Flora picks at stray threads on the edge of her hoodie, looking between Percy and Rachel. "Um.. maybe. But just a shower. Then I'm leaving."
Percy sighs. "Be my guest. The shower pressure is great."
He can see her contemplate it, especially considering the showers she was likely used to at camp were absolute shit.
"Okay," she concedes. "I'm taking my sweet time, though."
Rachel leads her to the bathroom and throws a look over her shoulder at Percy, as if she knows they've gotten themselves in deep.
Flora knows she's not supposed to trust Percy Jackson of all people, but in a world where everything has been upended, where she can't tell friend from foe, throwing her lot in with the former golden boy of Camp Half-Blood seems like a good way to go. If anything, she can steal something expensive from this ridiculously fancy apartment that is so desperately trying not to look expensive.
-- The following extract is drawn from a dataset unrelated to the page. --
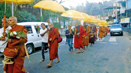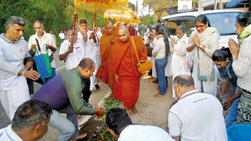The pilgrimage (Shramanabhi Sakmana) with the participation of 50 monks in the forest began on the 22nd from the Madanwela temple in Haguranketha. The monks then visited Padiyapellella, Walapane, Nildandaheena, Udupussallawa, and Welimada town, which were affected by the landslides.

She wonders who the Oracle paid to shabby up the chic she'd purchased.
At least the shower was good: the water hot and the pressure just as nice as Percy said. She emerges from the bathroom in Rachel's clothes, a bit too big for her but better than the hoodie she'd been wearing for weeks straight. The trash in the bathroom was filled with various leaves and sticks she'd picked from her hair.
She barely recognizes herself in the fogged up mirror. Dark hair, tan skin, dark eyes… it was all muddled in the waves of the mirror. She worries at her bottom lip and turns away. There wasn't time for this.
It'd all be over soon. Even if Percy Jackson can't help her, she'll find a way.